Data shown:
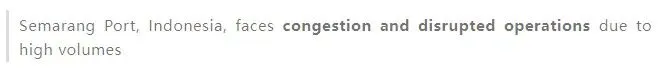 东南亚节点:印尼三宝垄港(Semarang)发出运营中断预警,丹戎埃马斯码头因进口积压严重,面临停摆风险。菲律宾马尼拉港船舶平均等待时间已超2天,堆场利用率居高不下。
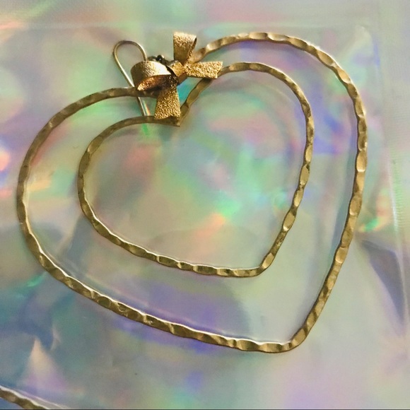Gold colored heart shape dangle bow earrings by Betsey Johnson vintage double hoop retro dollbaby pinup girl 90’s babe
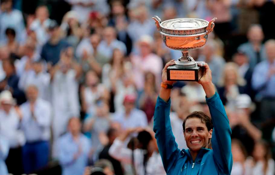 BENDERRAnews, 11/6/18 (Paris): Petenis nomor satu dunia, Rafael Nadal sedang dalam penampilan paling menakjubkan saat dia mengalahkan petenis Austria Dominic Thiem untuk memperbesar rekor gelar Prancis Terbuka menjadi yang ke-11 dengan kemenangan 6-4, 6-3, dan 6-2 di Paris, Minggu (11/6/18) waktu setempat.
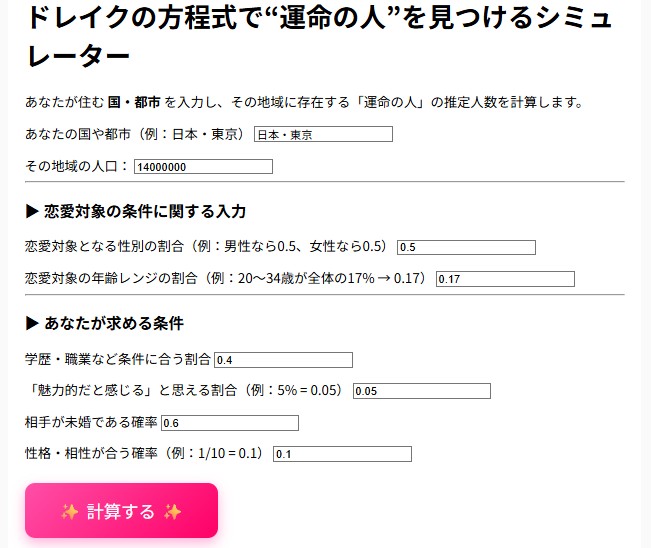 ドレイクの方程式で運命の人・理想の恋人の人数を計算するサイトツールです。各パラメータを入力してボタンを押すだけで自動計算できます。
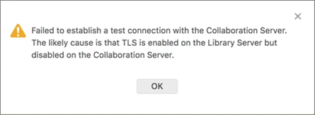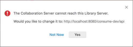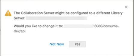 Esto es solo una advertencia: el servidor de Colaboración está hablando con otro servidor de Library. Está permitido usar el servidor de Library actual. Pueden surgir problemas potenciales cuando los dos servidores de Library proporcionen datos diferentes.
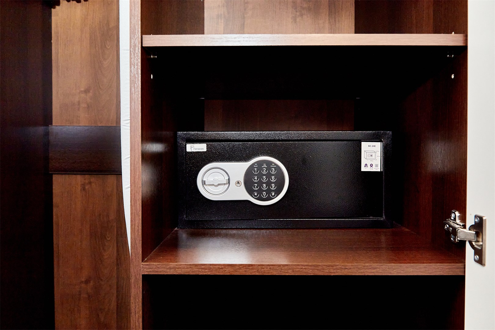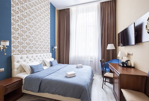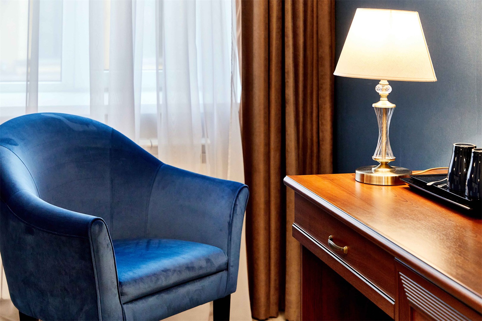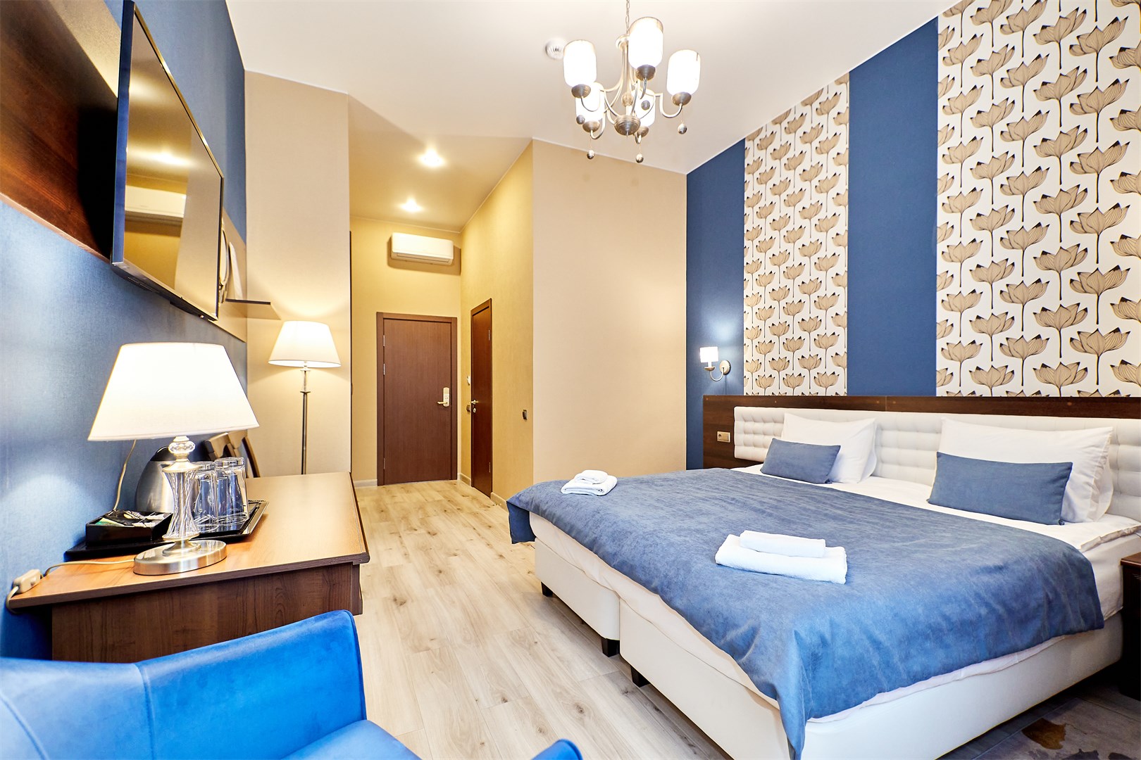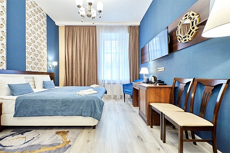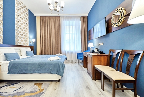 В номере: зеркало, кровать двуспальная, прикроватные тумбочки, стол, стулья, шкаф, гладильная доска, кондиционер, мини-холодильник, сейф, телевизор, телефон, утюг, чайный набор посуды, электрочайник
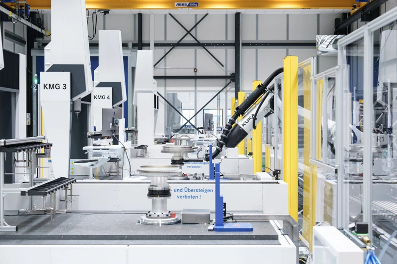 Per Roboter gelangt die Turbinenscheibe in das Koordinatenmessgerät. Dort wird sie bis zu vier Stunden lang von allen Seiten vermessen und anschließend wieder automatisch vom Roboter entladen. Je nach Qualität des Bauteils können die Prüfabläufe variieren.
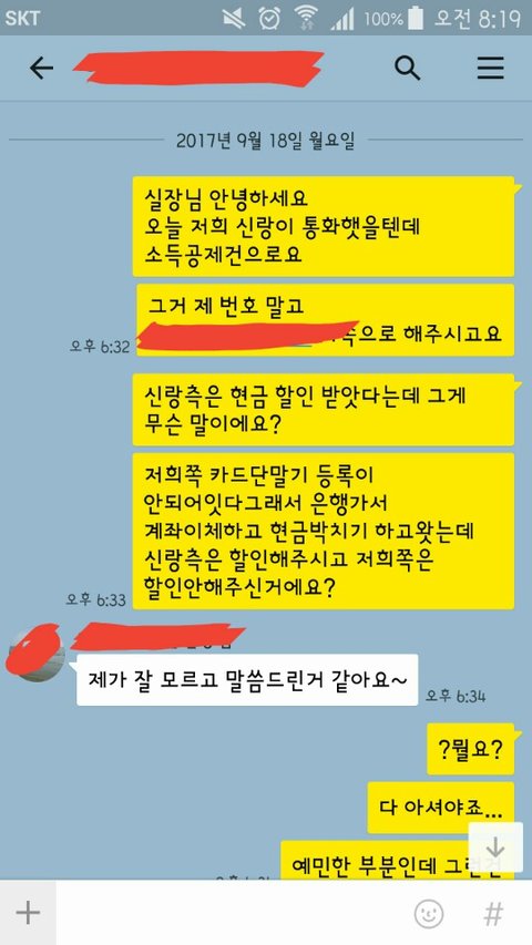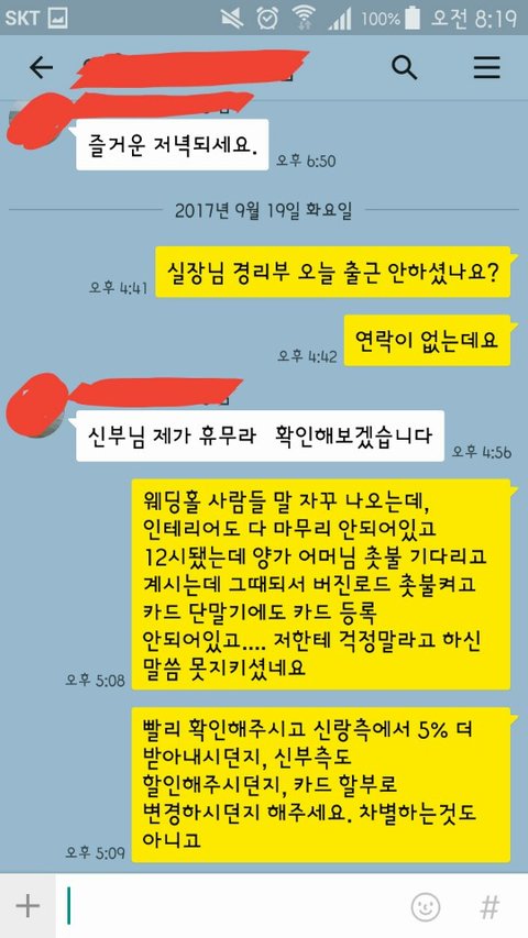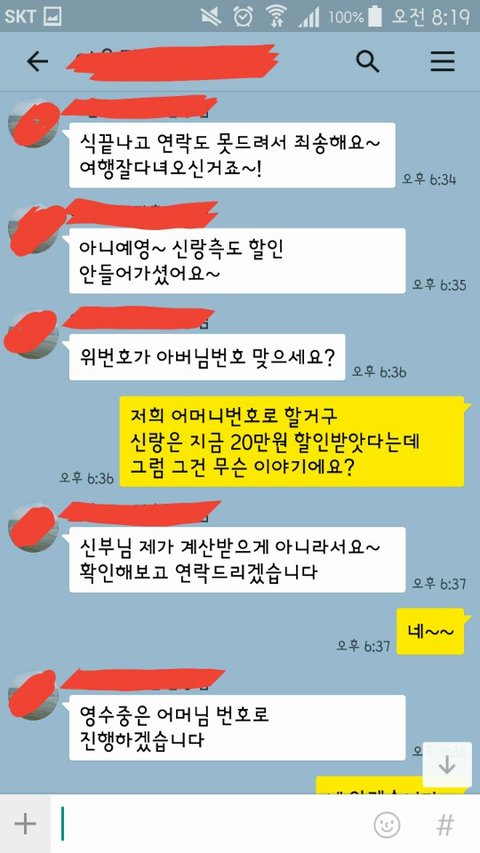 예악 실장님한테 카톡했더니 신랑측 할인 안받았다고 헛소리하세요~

Task objective: Nothing but the lines from the start of the records above through the line with "Gold colored heart" should be retyped, each exactly as written; leave out all pictures.

Output of the task:
 东南亚节点:印尼三宝垄港(Semarang)发出运营中断预警,丹戎埃马斯码头因进口积压严重,面临停摆风险。菲律宾马尼拉港船舶平均等待时间已超2天,堆场利用率居高不下。
Gold colored heart shape dangle bow earrings by Betsey Johnson vintage double hoop retro dollbaby pinup girl 90’s babe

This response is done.